Recorded information:
======

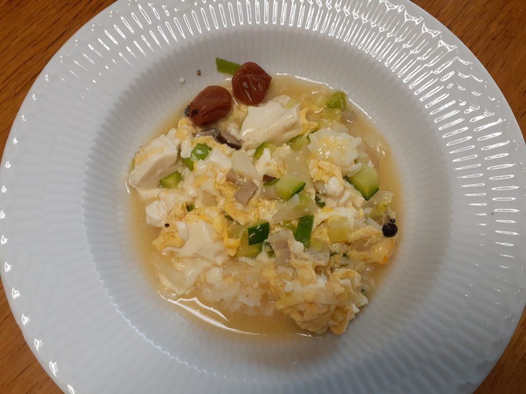 夕食は雑炊。おじやと何が違うのはよくわかりませんが、カブ、ズッキーニ、ネギ、しめじ、豆腐、卵を入れたもの。
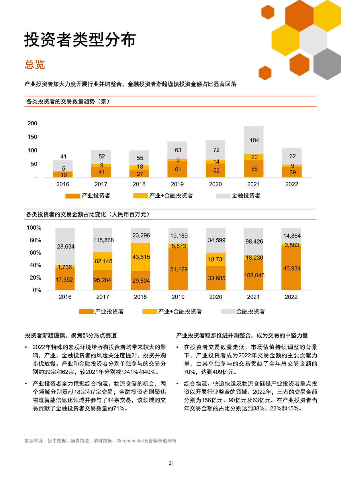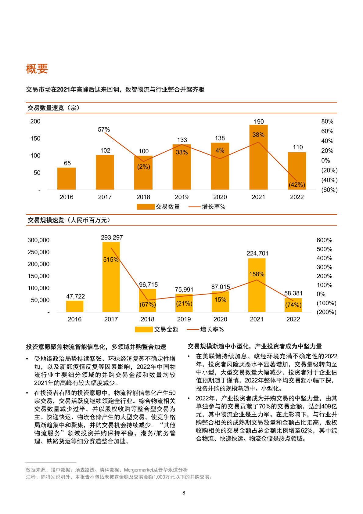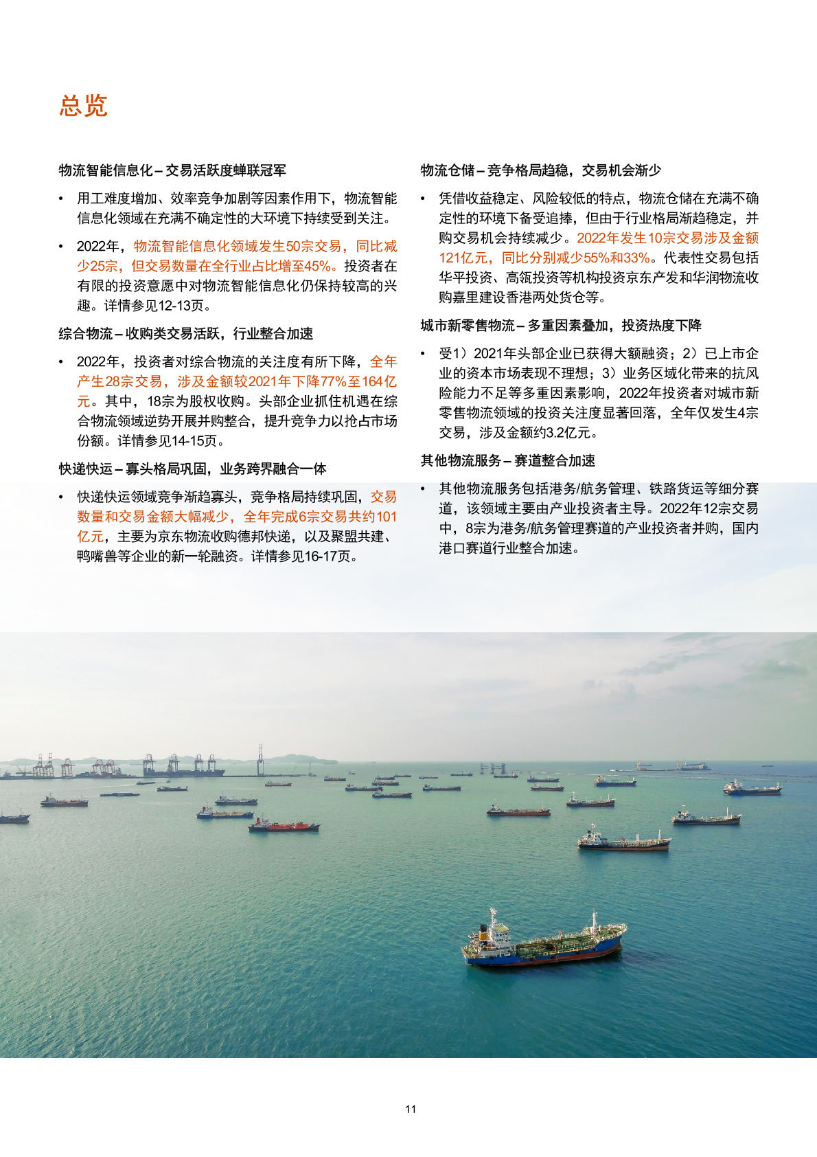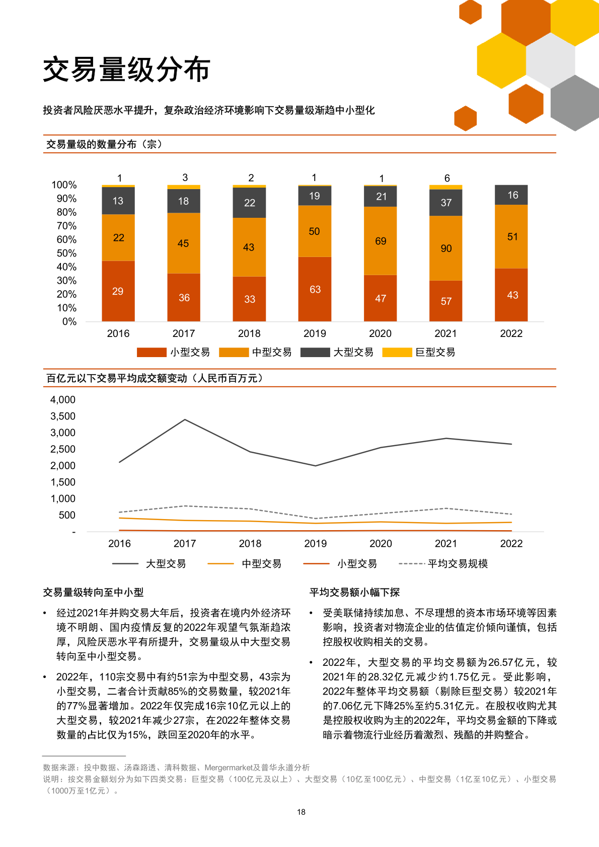 受复杂多变的环球政治、经济及新冠疫情等因素影响,2022年中国物流行业并购交易市场迎来回调。全年共发生110宗并购交易,同比减少80宗,交易数量跌回至2019年以前的水平;交易规模较2021年下降74%至584亿元。投资者决策渐趋谨慎,交易量级渐趋中小型化,主要交易轮次的平均交易额亦出现不同程度的回落。
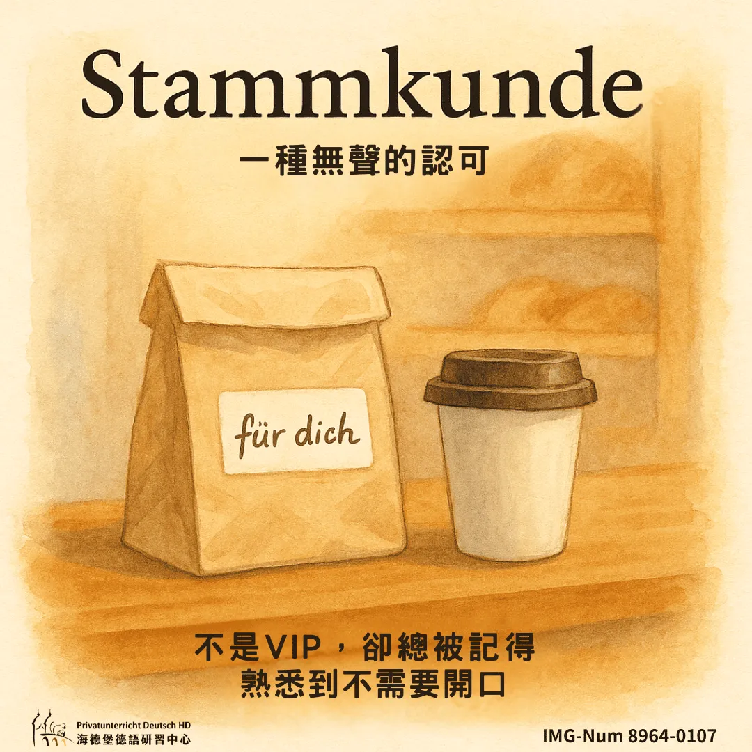 📌 所以 Stammkunde 的意思就是:「固定來消費的顧客」:不是第一次來的路人,不是偶爾光顧的客人,而是你那個「每天早上都會出現的老客戶」。

======

Prompt: What is needed is an exact reproduction of the data, pictures excluded.

Response below:
 夕食は雑炊。おじやと何が違うのはよくわかりませんが、カブ、ズッキーニ、ネギ、しめじ、豆腐、卵を入れたもの。
 受复杂多变的环球政治、经济及新冠疫情等因素影响,2022年中国物流行业并购交易市场迎来回调。全年共发生110宗并购交易,同比减少80宗,交易数量跌回至2019年以前的水平;交易规模较2021年下降74%至584亿元。投资者决策渐趋谨慎,交易量级渐趋中小型化,主要交易轮次的平均交易额亦出现不同程度的回落。
 📌 所以 Stammkunde 的意思就是:「固定來消費的顧客」:不是第一次來的路人,不是偶爾光顧的客人,而是你那個「每天早上都會出現的老客戶」。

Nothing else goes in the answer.